Generally, in the field of X-ray computed tomography (CT) apparatuses, an X-ray CT apparatus that includes an X-ray generator to generate cone-beam X-rays and an X-ray detector capable of detecting the X-rays is known. The X-ray CT apparatus of this type can perform volume scanning that causes the X-ray generator to emit X-rays while rotating once along the circular path around a subject, so that projection data for one rotation is acquired from the X-ray detector. The X-ray CT apparatus of this type can also reconstruct, using the one-rotation projection data, a three-dimensional image having an area spreading in the direction of the rotational axis.
However, the range that allows for acquisition of one-rotation projection data is restricted and a field of view (FOV) on the respective axial plane becomes small as the distance from the mid-plane (the central plane defined with respect to the rotational-axis direction) increases. That is, the size of a normal area, where a complete set of one-rotation projection data is available, becomes small.
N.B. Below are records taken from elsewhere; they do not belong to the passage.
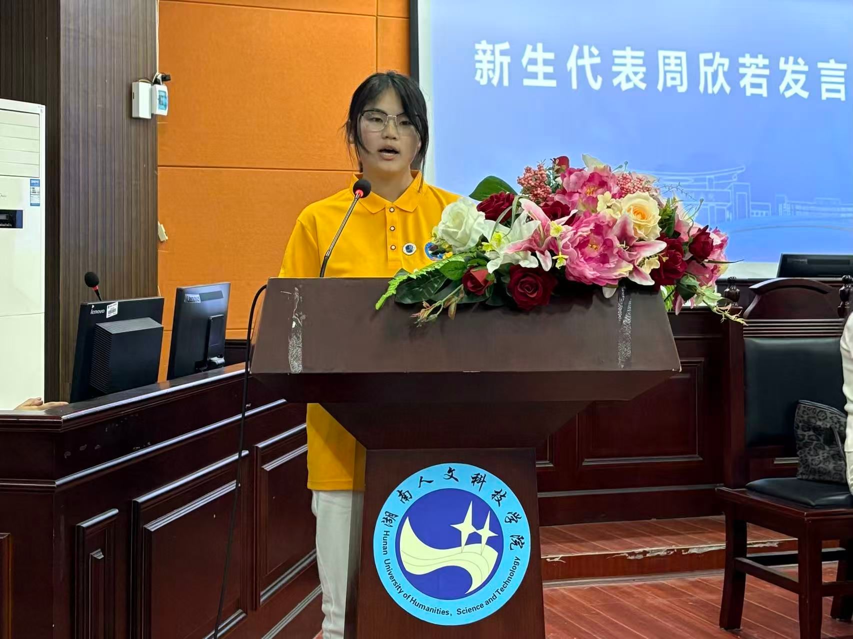 老生代表张佳璇结合自身经历,分享了大学学习与生活的体会,鼓励新生积极参与专业实践和社会服务,在实际行动中深化对法学知识的理解,做到学以致用、服务社会。新生代表周欣若在发言中表达了步入大学的欣喜与憧憬,并表示将以校训为指引,勇敢面对挑战,不断成长进步,努力书写无愧于时代的青春篇章。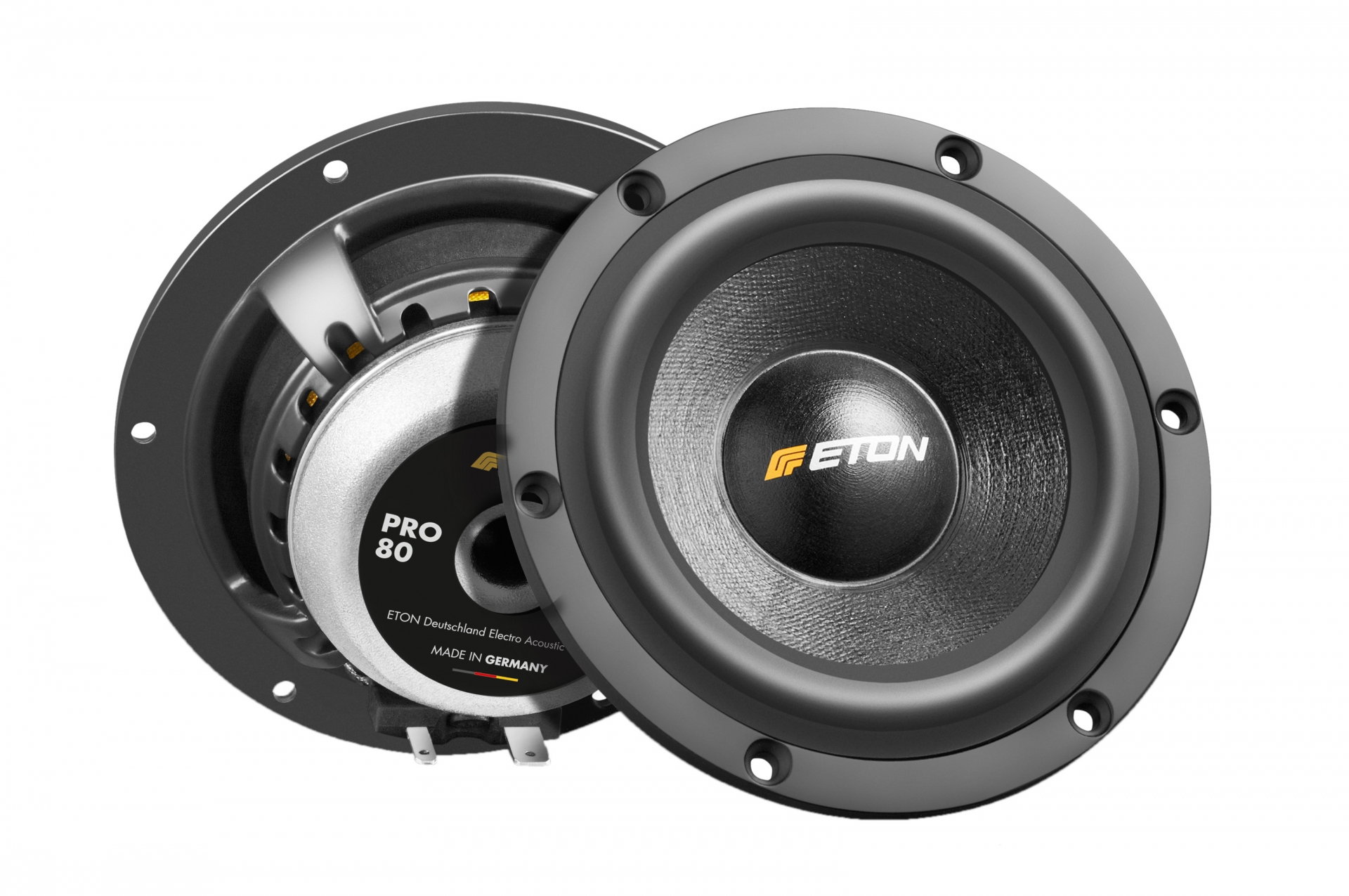 K produktu ETON PRO 175 nabízíme rozšíření na 3pásmový systém s PRO 80 středovým reproduktorem. Díky ručně potažené papírové membráně a výkonnému neodymovému magnetu je v tomto 80 mm reproduktoru zachována zvuková charakteristika série. Optimální chlazení je zaručeno díky odlévanému hliníkovému koši s dobrým průtokem vzduchu. Vrtaný chladící otvor zaručuje dodatečné chlazení. Optimální symetrie magnetického pole se silným pohonem zaručuje prvotřídní výsledky měření a vůči zkreslení odolnou reprodukci hudby, perfektně harmonizující s ETON PRO 175. Připojovací terminály s kompaktními rozměry vám ušetří místo a zjednoduší instalaci PRO 80. K pasivnímu provozu je zapotřebí set frekvenčních výhybek MRX-3W.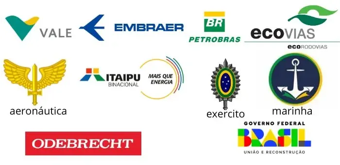 Entre eles estão: Vale, Embraer, Petrobras, Ecovias, Itaipu Binacional, Odebrecht, Forças Armadas (Aeronáutica, Exército e Marinha) e o Governo Federal do Brasil.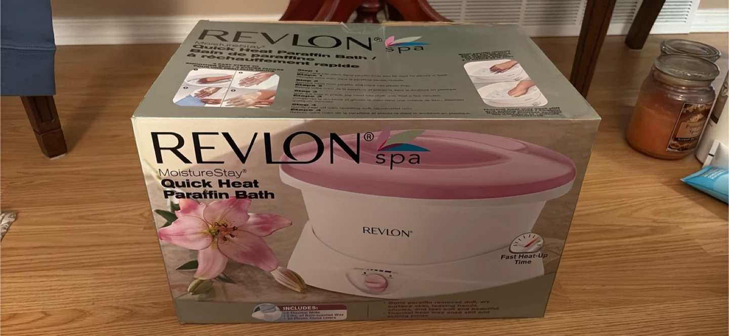 Selling a Revlon MoistureStay Quick Heat Paraffin Bath. This includes thermal mitts, 2 lbs of rain-scented wax, and 20 plastic glove liners. It features a fast heat-up time, so you can enjoy warm paraffin that removes dull, dry surface skin, leaving hands, elbows, and feet soft and beautiful. Thermal heat may ease stiff and aching joints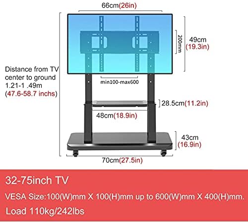 TV Stands Bedroom/Office Mobile TV Cart On Wheels, Fits 75 65 50 55 60 Inch TV, Black Height Adjustable Floor Rolling TV Stand, Hospital TV Display Trolley Stand Beautiful Scenery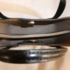 Size – approx 22cm wide at base increasing to 26cm at opening x 19.5cm high x 10cm max deep plus handles and strap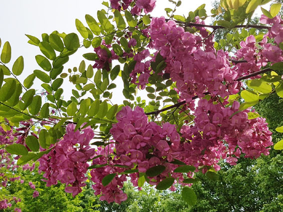 ÀÌÆË³ª¹« ±æÀ» µû¶ó »ê¸²¹Ú¹°°ü µÚÆí »êÃ¥·Î¿¡ µé¾î¼¸é ÀϹÝÀûÀ¸·Î Á»Ã³·³ º¸±â Èûµç ºÓÀº»ö ¾ÆÄ«½Ã ³ª¹« ²ÉÀÌ ¸¸°³ÇØ ÀÖ´Ù. ºÓÀº ¾ÆÄ«½Ã´Â ¹Ì±¹ ¾ÆÄ«½Ã¸¦ ½ºÆäÀο¡¼ °ü»ó¿ëÀ¸·Î °³·®ÇÑ Ç°Á¾À¸·Î, ¿Âµµ¸¸ ³ôÀ¸¸é ¿¬Áß ²ÉÀ» ÇÇ¿ì´Âµ¥, ¿ì¸®³ª¶ó¿¡¼´Â 5¿ù°ú 7¿ù ¸¸°³ÇÑ´Ù.

Concurrently, as the normal area becomes small, the size of a mask area—present on both sides of the normal area and where a complete set of one-rotation projection data is not available—becomes large. Note that the mask area is an area which does not enable reconstruction processing with one-rotation projection data, thus resulting in the corresponding area in the resultant image becoming masked.
In this regard, a technique is put into practical use. This technique sees an image of the mask area reconstructed using the projection data acquired from the range smaller than that for one rotation. The technique will also be referred to as “mask area reconstruction”. According to this mask area reconstruction, a three-dimensional image, or its tomograms, can be generated by combining reconstructed images of the mask area and the normal area.
As such, the normal area and the mask area differ from each other in the range for acquiring projection data for reconstruction. This range for acquiring projection data corresponds to the range of the rotational angle of a gantry carrying the X-ray generator and the X-ray detector, the range of views, and so on. The difference in the range of the gantry's rotational angle means a difference in the range of time for acquiring projection data, as well as a difference in the averaged acquisition time (average time). Accordingly, a three-dimensional image or a tomogram that combines images of the normal area and the mask area may be understood to be a combination of images differing in the range for acquiring projection data (e.g., average acquisition time).
When the volume scanning is performed on a subject's site, which makes only a small or slow movement, the resultant image does not show a large gap at the boundary between an image of the normal area and an image of the mask area, even though the normal area and the mask area differ from each other in the average acquisition time.
On the other hand, when the volume scanning is performed on a site which is moving largely or quickly (an “actively moving site”), a large gap appears at the boundary between an image of the normal area and an image of the mask area due to the difference between the normal area and the mask area in the average acquisition time. Using a three-dimensional image or its tomograms including such a gap for assessing conditions of adhesion or infiltration to the periphery, etc., involves a risk of degrading assessment accuracy.
The objects intended by the embodiments include reducing the gap appearing at the boundary between an image of the normal area and an image of the mask area when an actively moving site is subject to volume scanning.